И всякий, кто встретится со мной... (Чиладзе) - страница 45

— Как я верил… как же я, дурак, верил! — сказал Георга.

— Верил? Во что? — спросил его майор.

— Да вот… что ты мне ружье подаришь! — улыбнулся Георга.

— У тебя, я вижу, пасть одна только и растет… и жрать, и пустяки болтать ты мастер! — сухо заметил майор.

— Почему? Что я тебе сделал не так? Уксусу тебе налил вместо вина? Или постель твою зажег вместо камина? А? — еще шире улыбнулся Георга.

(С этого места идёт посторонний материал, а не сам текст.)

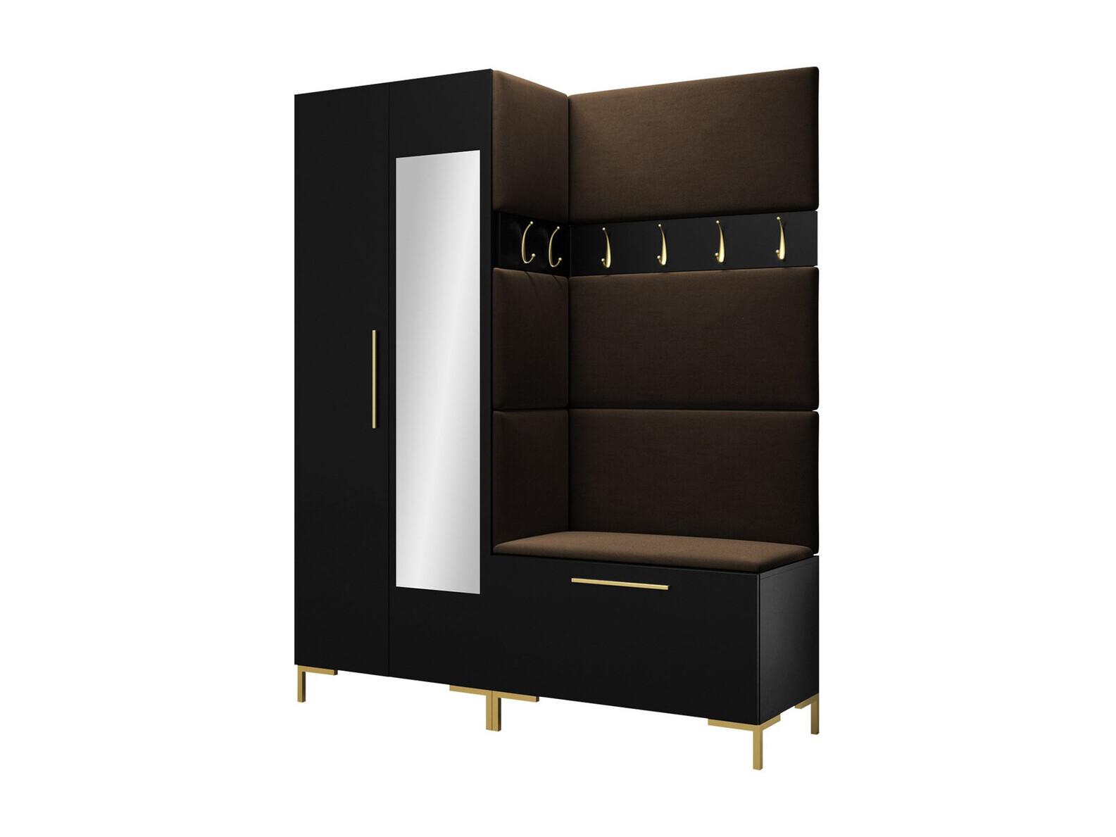 Conjunto pasillo Hartford F107, 196x158x46cm, Espejo, Marrón oscuro|Negro
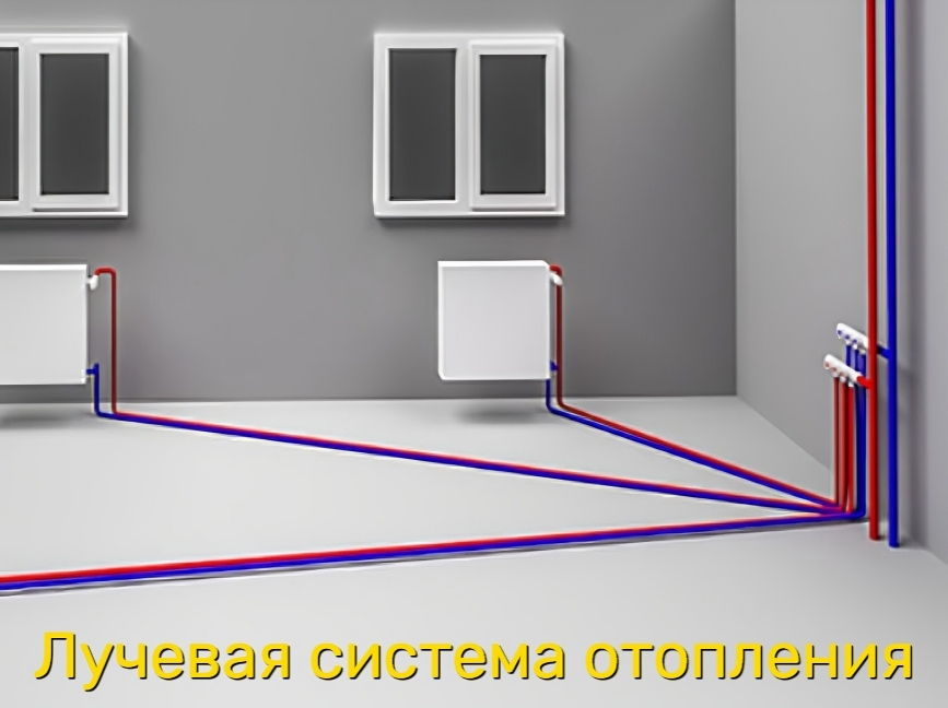 Одной из разновидностей разводки двухтрубной системы отопления является лучевая разводка отопления, иначе именуемая коллекторной системой подключения обогревательных приборов. Главной особенностью указанного варианта системы отопления является тот факт, что каждый радиатор подключён к единому коллектору двумя трубами (прямая/обратка). По ним теплоноситель поступает в отопительный прибор (прямая подача) и покидает его (обратная).

— И такое может случиться! — улыбнулся и майор. — Ты, Георга, ненадежен… нет! Врага в доме держу.

— Врага? — Георга поглядел на дом, в котором находились его мать и брат. — Врага? — задумчиво, с сомнением и надеждой повторил он это короткое слово, как больной название лекарства, только что ему порекомендованного, но лишь еще раз напомнившего ему старую, неизлечимую болезнь и множество других лекарств, уже безуспешно испробованных…

Георга знал, что майор его ненавидит, но не ставил ему этого в вину, понимая, что у этой ненависти есть свои причины. Ведь он знал майора лучше всех; он один знал, что майор — трус, предатель и насильник. Георга был первым, кого поразила трусость майора, — вот на чем, оказалось, были построены все его мечты и надежды, рухнувшие в ту ночь при звуке выстрела, как карточный домик. Георга вообще предпочел бы честное поражение майора его трусливой победе; поэтому он и крикнул тогда с балкона сбежавшимся на выстрел соседям: «Это дядя Кайхосро стрелял» — он все еще пытался сохранить мечту и веру, привести майора в чувство, вернуть его на путь справедливости и добра. Но майор не только не стал оправдываться, но и больно ткнул его в подбородок, приказал ему молчать! «Чего ты орешь, щенок…» — злобно прошипел он, тоже сразу поняв, что в глазах Георги он разоблачен полностью, что его истинное лицо, заново родившееся в сознании Георги, надо если не уничтожить, то хоть навсегда запереть в этом сознании, сделать невидимым для других. С этой минуты Георга стал зеркалом, в котором отражались не только благородная седина висков и ослепительный блеск мундира, но и каждый темный уголок души майора. Что ж удивительного было в том, что тот возненавидел это зеркало, хотел бы залепить его грязью? Поэтому ненависть майора Георга считал вполне естественной; в глубине души мальчик даже жалел отчима, ибо был уверен, что этой лишь ненавистью вызваны и его дурной характер, и сварливость, и жадность, и желчь, и постоянный, неугомонный страх, прыгавший в его беспокойных глазах, как крапивник в колючих терновых ветках. Все это Георгу, конечно, не восхищало — и все-таки втайне он сочувствовал майору, понимая, что птичка страха, прыгавшая в глазах отчима, вылупилась на свет не без его собственного участия, что в схватке майора с борчалинцем виноват прежде всего он сам. Поэтому единственным, что он испытывал к майору, было разочарование, с чувством вражды не имевшее, однако, ничего общего, хотя испытывать его было еще трудней. Стать же врагом мужа своей матери и отца брата ему и в голову не пришло б! Как бы ни был майор жесток и несправедлив к Георге, разоблачать его тот все равно не стал бы, хотя бы ради матери и брата…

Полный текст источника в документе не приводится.